Technical Debt: A Primer
Why do we spend 80% of our software development budgets on software maintenance? Simply put: Despite our better instincts, it's still too easy to do the wrong thing when developing software. One example is the practice of "cut-and-paste coding." Suppose you have a sales compensation system that computes commissions. A batch process runs during each payroll to perform the commission calculation. This process sits in the payroll system, but somewhere else, perhaps in some commission dashboard that your salespeople use to see interim progress, you have the same commission calculation. As the business sponsor of the system, you signed off on this system after it was built initially. And why not? Technically, the system met its requirements—the commission calculation was correct (in both places).
The problem occurs when your commission structure changes. When someone comes along to change the system to accommodate the new commission structure, the code in at least two (and possibly more) unrelated areas needs to be changed. Worse, you have no reliable way of knowing whether all of those changes are right, without a full regression test of the system—if such a test is even possible!
In such a case, you have technical debt, defined as "the sum of future maintenance that could have been avoided if the software had been developed according to reasonable software-design practices." Cut-and-paste coding is just one way that technical debt is introduced. Designs that lack testability, inappropriate coupling, and dozens of other such practices contribute to this problem.
Why We Get Technical Debt
Like credit card debt, technical debt might "feel" good when we're in the process of accumulating it. We do things that optimize for the short term, but have a long-term expense that's far higher than the short-term gain we get—most of the time, as least. During the initial build of a system, it's easier to cut-and-paste logic from one module to another, rather than finding a way to reuse the logic. Technical debt usually comes from short-term optimizations of time without regard to the long-term effects of the change.
Interest Rate on Technical Debt
If the short-term optimizations that occur most of the time had a minor effect on maintenance (something like a 6% mortgage, say), such decisions to take on technical debt would be just fine. However, we frequently allow software development organizations to take out technical loans that, if they were transparent, would throw the corporate treasury department into a spiral of panic.
Let's look at our case study of the cut-and-paste code. The investment to do it right the first time is low (two days of work). In this case, you might write a shared module that does a commission calculation, making it available to any other module that needs such a calculation. Say we allow the development team to take out the "loan," and do cut-and-paste rather than spend the two days. In exchange for the two days of work, we'll incur future maintenance costs that are far higher. Making a conservative assumption, we'll say that we only did the cut-and-paste operation twice, resulting in the same calculation being in three places. Every time we change the commission structure in the future, we'll need to do the following:
- Find each instance where the commission calculation is performed—hoping that we got all of them (1 day)
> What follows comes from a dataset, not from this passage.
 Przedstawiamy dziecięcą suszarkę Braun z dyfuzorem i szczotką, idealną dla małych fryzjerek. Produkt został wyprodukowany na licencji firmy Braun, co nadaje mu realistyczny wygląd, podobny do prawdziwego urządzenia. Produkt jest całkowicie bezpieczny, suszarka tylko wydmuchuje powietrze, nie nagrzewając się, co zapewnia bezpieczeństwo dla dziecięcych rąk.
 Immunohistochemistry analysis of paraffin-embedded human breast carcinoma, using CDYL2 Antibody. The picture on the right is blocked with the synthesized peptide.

- Make the change at each location—possibly customizing each change due to stylistic differences introduced by different developers (1 day each, 3 days total)
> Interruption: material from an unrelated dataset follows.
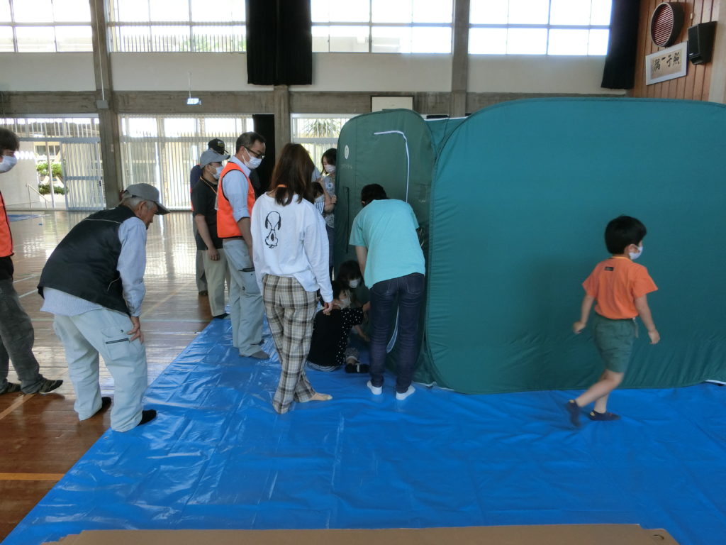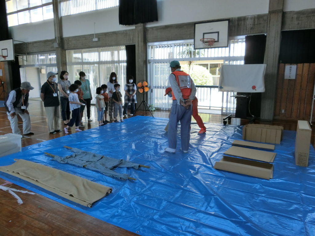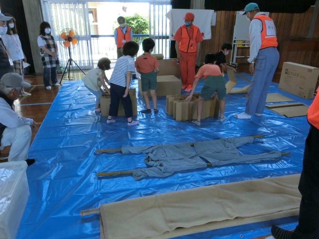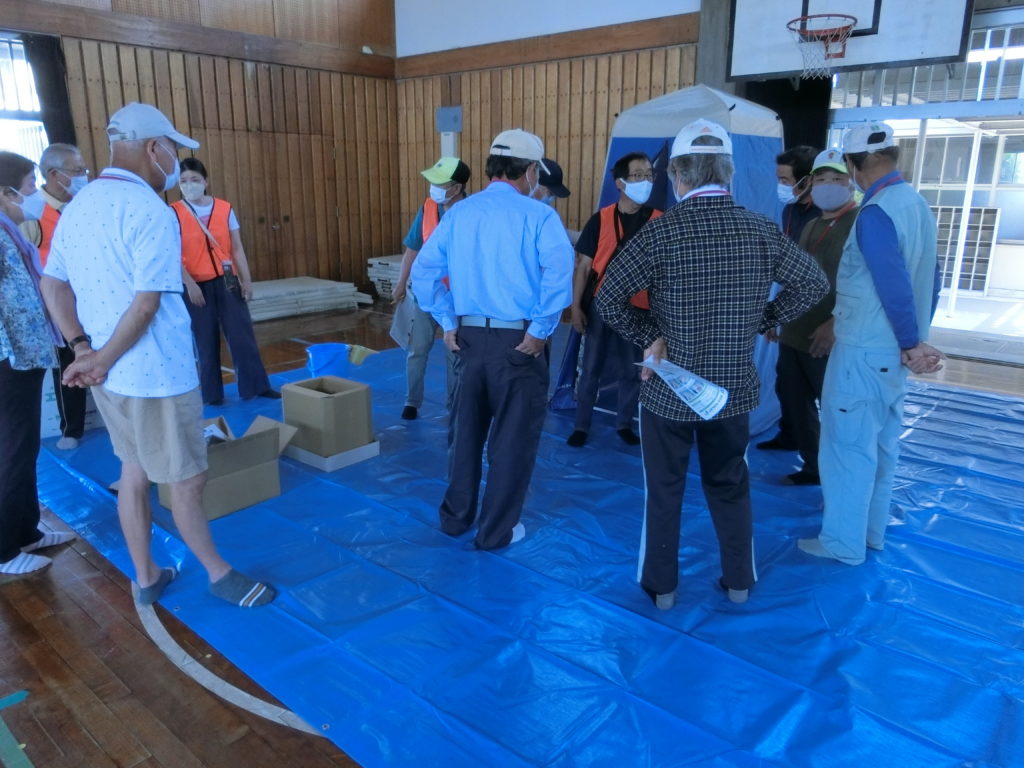 | (3) 訓練内容 | ➀避難移動 自宅から避難所まで経路の安全を確認しながら徒歩で避難。 ➁受付 コロナ禍での感染症対策のため、検温等をして受付。 ➂避難所運営 パーテーション、段ボールベット、簡易トイレの組み立てと使用方法の確認。(栗熊小学校では簡易担架の作り方も実践) |
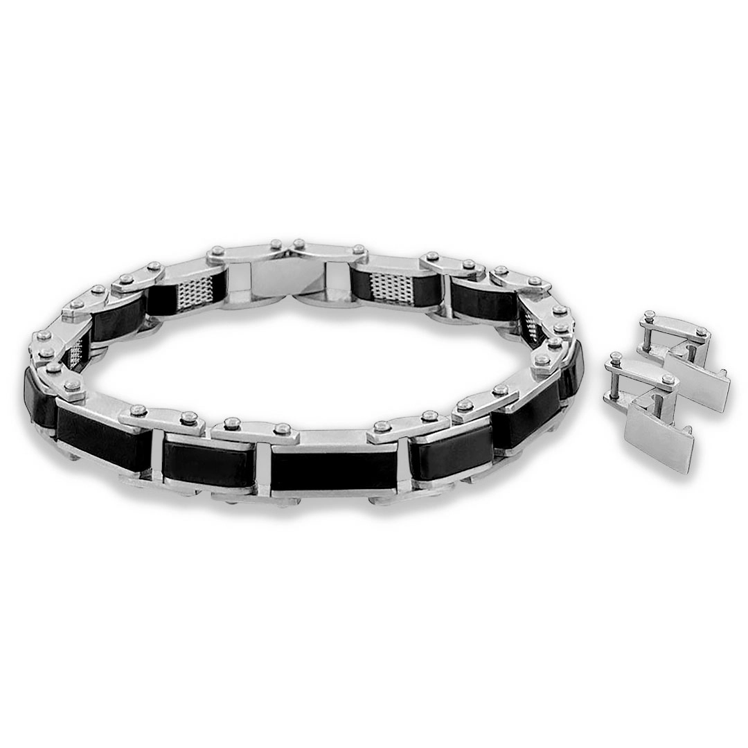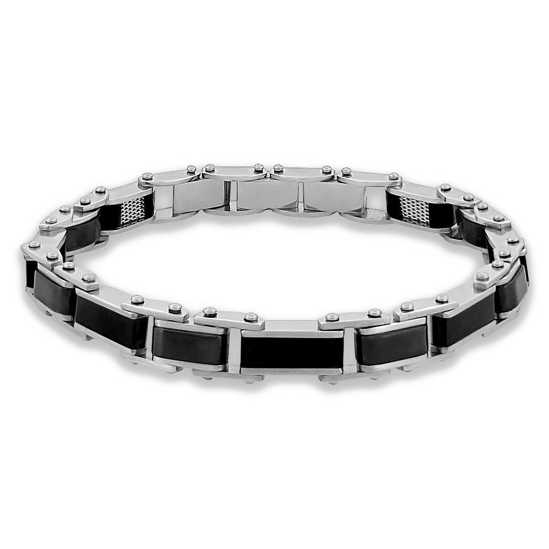 Pulseira de Aço com Elos Trabalhados e Fibra de Carbono

- Test each change, including performing regression tests to make sure that the change doesn't cause problems in seemingly unrelated places (1 day each, 3 days total)
- Put each change through the standard change-management process in multiple systems (0.5 days each, 1.5 days total)
- Discover that we missed one or two places, and repeat the process for each one we didn't find originally, upsetting the salespeople whose commissions were paid incorrectly (2.5 days minimum, plus an immeasurable amount of lost confidence)
At this point, we have 11 days of additional work invested every time we change the commission structure. Guessing conservatively, perhaps we only change the commission structure three times over 10 years (some places change it annually), we have net-interest payments of 33 days of effort, for which we were paid two days of effort up front.
The approach in this example results in a debt with an interest rate of about 32.4% (starting with two days of effort gained and paying it off with 33 days of effort lost over a 10-year period). I'm not a corporate policy expert, but my guess is that most accounting departments would balk at IT regularly taking out loans with interest rates like 32.4% that make loan sharks envious.